# Mini green house



## aquarium kid (Nov 26, 2012)

Recently I've been thinking about growing some plants emerged outside now that it's summer.

I was thinking about using one of those kiddie pools as the base Part and building a frame around it out of wood and 6 mil plastic to keep the humidity up.
Any suggestions?


----------



## Michael (Jul 20, 2010)

Be sure you have adequate ventilation to avoid cooking everything on a sunny summer day. Do that, and the plants should explode.


----------



## aquarium kid (Nov 26, 2012)

Or would it be better to just grow them submerged outside?


----------



## Michael (Jul 20, 2010)

Both will work, but emersed avoids algae problems.


----------



## dbot (Aug 23, 2013)

Less water changes with emersed  whatcha gonna do with your plants?


----------



## TropTrea (Jan 10, 2014)

The big questions I would think are where your located and which plants your trying to grow. I had visited some aquatic green houses years ago in Wisconsin. When it gets to July and August they had different systems for removal of the heat build up. Super ventilation with Huge fans or removal of the top most panels and replacing them with sun screens. A majority of there plants were not even in the green houses during summer but in large 12 foot by 50 foot outdoor ponds. 
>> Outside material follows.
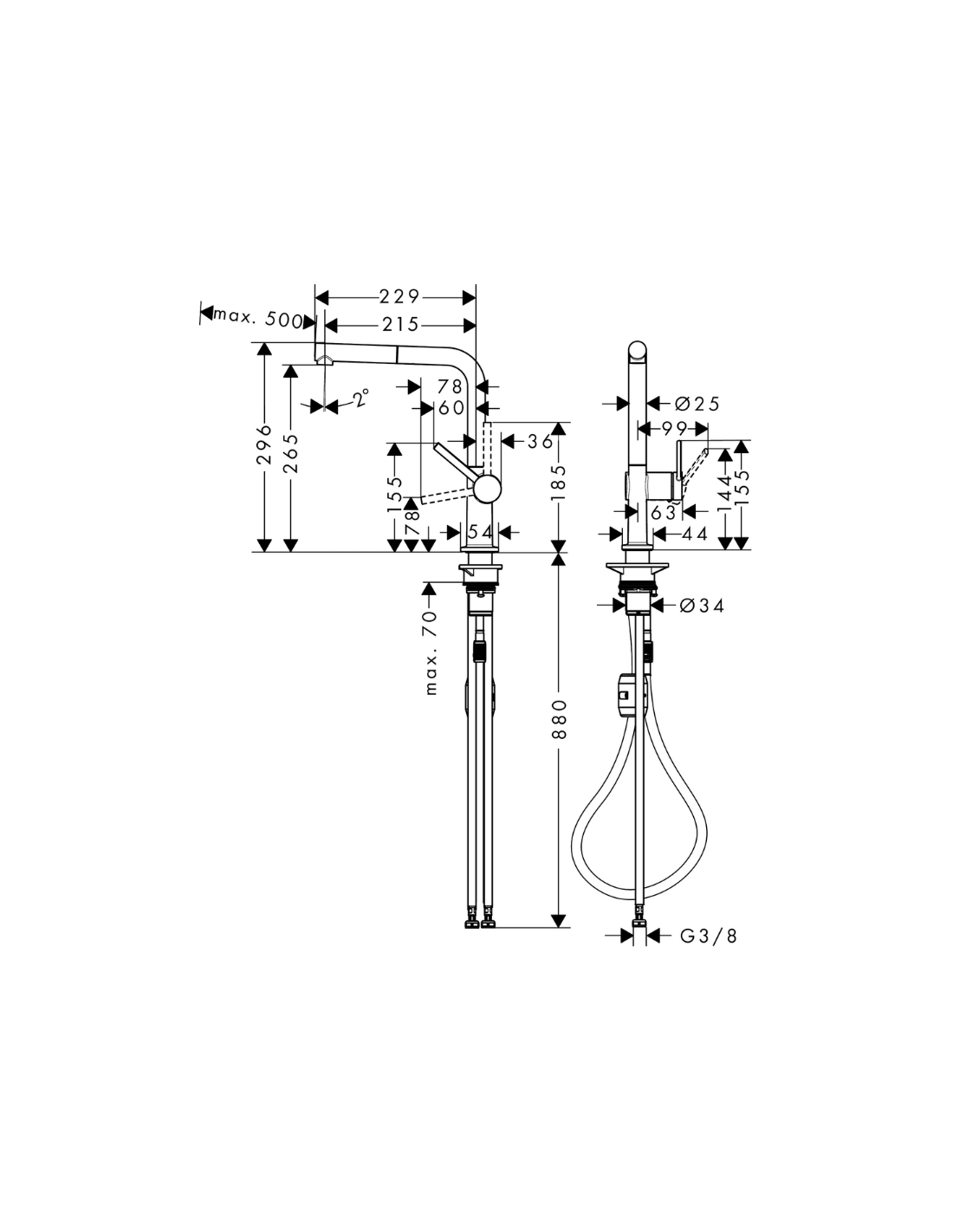 Medidas Talis M54 Mezclador monomando de cocina 270, caño extraíble, 1jet
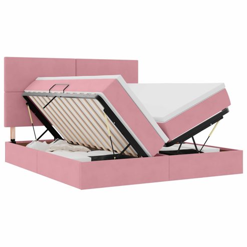 vidaXL Bett mit LED-Lichtleisten mit Kopfteil Rosa 200 x 200 cm Samt

During the winter months was when they made the most use of there green houses. However I would not want to the individual paying there energy bills.


----------



## THE V (Jul 3, 2009)

Small greenhouses are not very good for controlled environments. They heat up really high and cool off really fast. 
The larger and taller the greenhouse, the better and more efficient they become. The most efficient ones cover an acre or more of ground and have ceilings 15 feet+. 

As for your pool idea you don't want to use plastic. You can achieve higher humidity without adding too much heat by using screening. Something bee proof but not thrip proof would work the best (larger holes). The screening stops much of the wind thereby increasing the relative humidity near the plants.


----------



## aquarium kid (Nov 26, 2012)

Thanks for the info! I was wondering how to stop the build up of heat. So I probaly won't use the plastic if I still try this, Using screening sounds sounds intresting.


----------



## THE V (Jul 3, 2009)

Just for fun here is a picture of a screened greenhouse at work. This is outside of Hermisillo, Mexico in the middle of the desert. 

An outside picture and what it looks like inside. 

It's actually cooler inside than it is outside.


----------